Required action ▸ In the copy, include every record below exactly as it appears, but no pictures.
[Data listing — start]
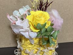 ひとりだったので、プリザーブドフラワーについて教えてもらったり、気さくにお話できて楽しいひとときでした。花をどのように配置するか、イメージしながら創作するのがおもしろかったです→生け花みたいな感じで( ^ω^ )
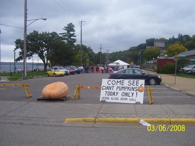 Giant Pumpkin and sign at entrance of stillwater weigh-off
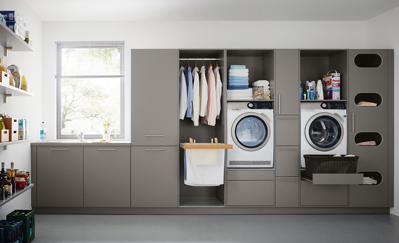 Clevere Lösungen bieten die Küchenmöbelhersteller auch für Hauswirtschaftsräume an, über die viele Wohnungen inzwischen verfügen. Diese haben nicht mehr viel gemein mit dem kleinen Raum am Ende eines langen Gangs, in dem früher all das untergebracht wurde, was in der guten Stube nichts zu suchen hatte. Heutzutage werden diese Zimmer deutlich effizienter genutzt. Eingebettet in ein ansprechendes Wohnkonzept und ausgestattet mit perfekt auf die Bedürfnisse abgestimmten Möbeln entfaltet ein Hauswirtschaftsraum erst seine wahren Vorteile. Intelligente Ordnungssysteme ermöglichen eine sichere und platzsparende Aufbewahrung. So lässt sich etwa Schmutzwäsche in einem Einbau-Wäschesammler verstauen, der über einen Auszugschrank bequem zugänglich ist.
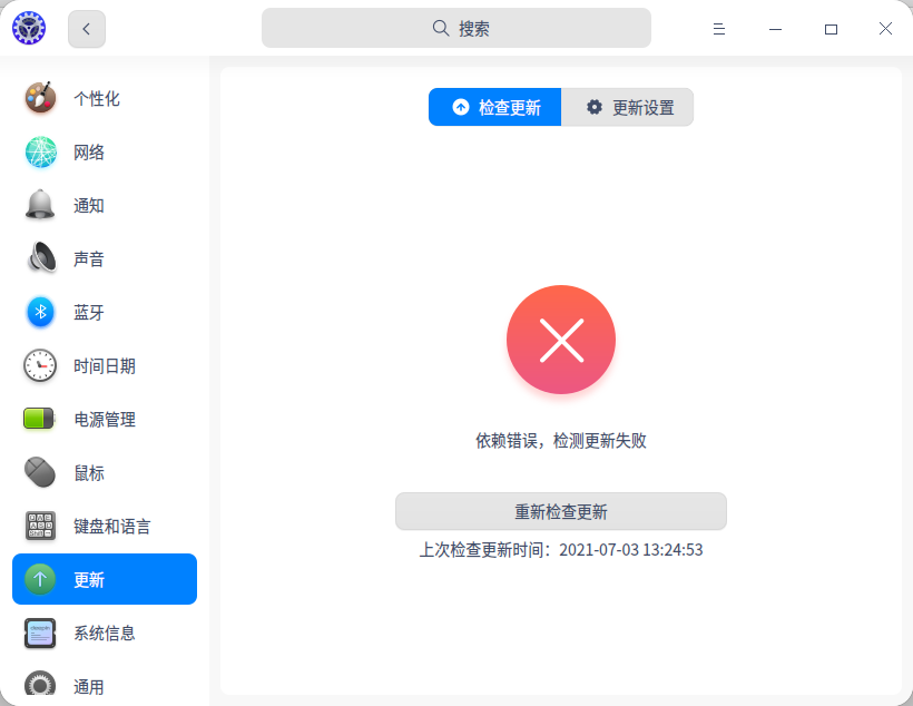 系统更新下载之后,点击更新后失败提示“依赖错误”
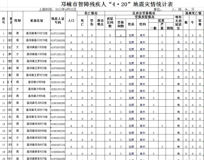 截止2013年5月14日,各位爱心人士和企业已通过基金会已为雅安地震智障家庭募款28万元,根据目前已拿到的邛崃高何镇、天台山镇、回龙镇,临琼镇、水口镇、夹关镇、火井镇、临济镇共167户智障家庭的受灾情况统计(为保护当事人隐私,已隐去姓名和身份证号码,原始数据将供后续社工组核查使用),预计后天(5月16日),基金会将通过武侯区残联和善工家园助残中心,向邛崃残联和邛崃智障亲友协会发放首批援助款,并开始监督援助款的逐户发放到位。
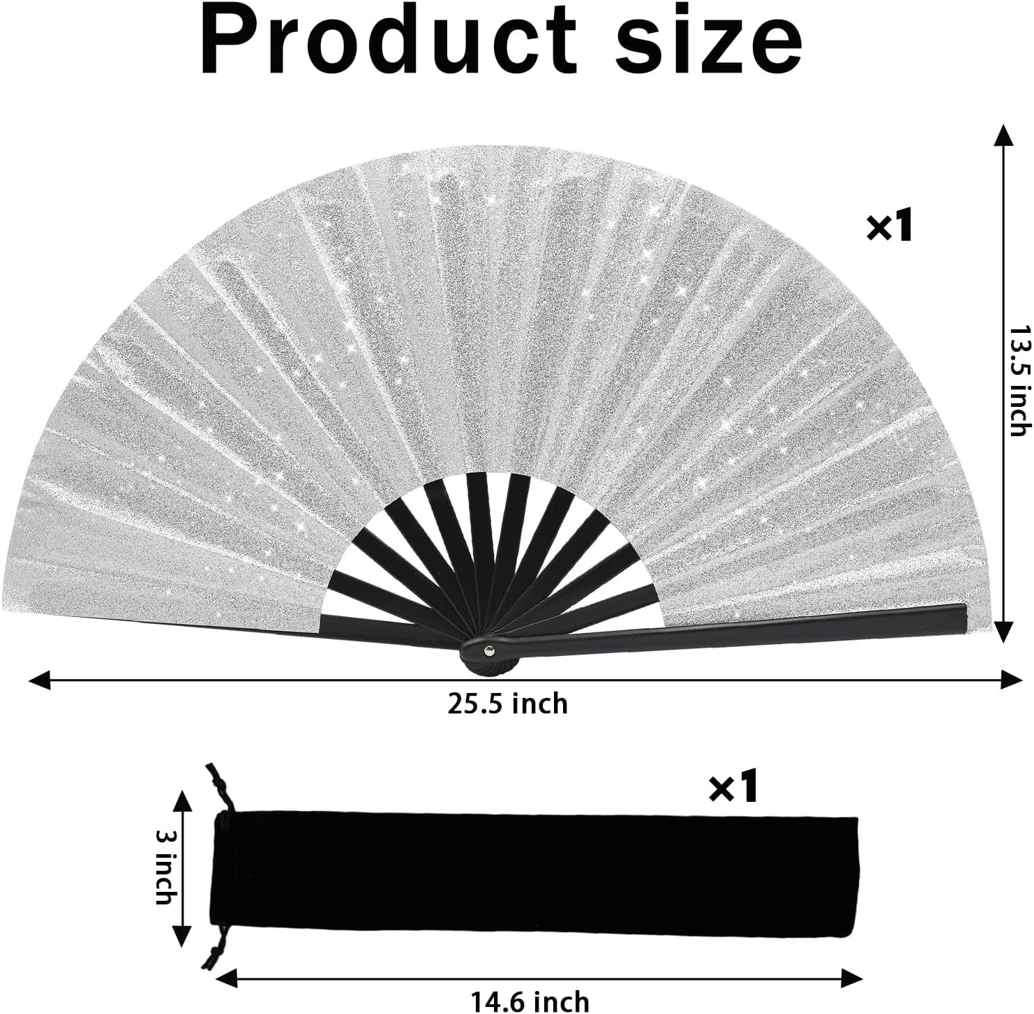 - Large Handheld Folding Fan Size: Folds to compact size 13 x 1.5 x 1 inches. Unfolding size 13 x 25 inches. With a larger size than most hand fans, this product is great for creating an even bigger impact at raves, music festivals, and other events.
[Data listing — finish]
Solution to the exercise ▸
 ひとりだったので、プリザーブドフラワーについて教えてもらったり、気さくにお話できて楽しいひとときでした。花をどのように配置するか、イメージしながら創作するのがおもしろかったです→生け花みたいな感じで( ^ω^ )
 Giant Pumpkin and sign at entrance of stillwater weigh-off
 Clevere Lösungen bieten die Küchenmöbelhersteller auch für Hauswirtschaftsräume an, über die viele Wohnungen inzwischen verfügen. Diese haben nicht mehr viel gemein mit dem kleinen Raum am Ende eines langen Gangs, in dem früher all das untergebracht wurde, was in der guten Stube nichts zu suchen hatte. Heutzutage werden diese Zimmer deutlich effizienter genutzt. Eingebettet in ein ansprechendes Wohnkonzept und ausgestattet mit perfekt auf die Bedürfnisse abgestimmten Möbeln entfaltet ein Hauswirtschaftsraum erst seine wahren Vorteile. Intelligente Ordnungssysteme ermöglichen eine sichere und platzsparende Aufbewahrung. So lässt sich etwa Schmutzwäsche in einem Einbau-Wäschesammler verstauen, der über einen Auszugschrank bequem zugänglich ist.
 系统更新下载之后,点击更新后失败提示“依赖错误”
 截止2013年5月14日,各位爱心人士和企业已通过基金会已为雅安地震智障家庭募款28万元,根据目前已拿到的邛崃高何镇、天台山镇、回龙镇,临琼镇、水口镇、夹关镇、火井镇、临济镇共167户智障家庭的受灾情况统计(为保护当事人隐私,已隐去姓名和身份证号码,原始数据将供后续社工组核查使用),预计后天(5月16日),基金会将通过武侯区残联和善工家园助残中心,向邛崃残联和邛崃智障亲友协会发放首批援助款,并开始监督援助款的逐户发放到位。
 - Large Handheld Folding Fan Size: Folds to compact size 13 x 1.5 x 1 inches. Unfolding size 13 x 25 inches. With a larger size than most hand fans, this product is great for creating an even bigger impact at raves, music festivals, and other events.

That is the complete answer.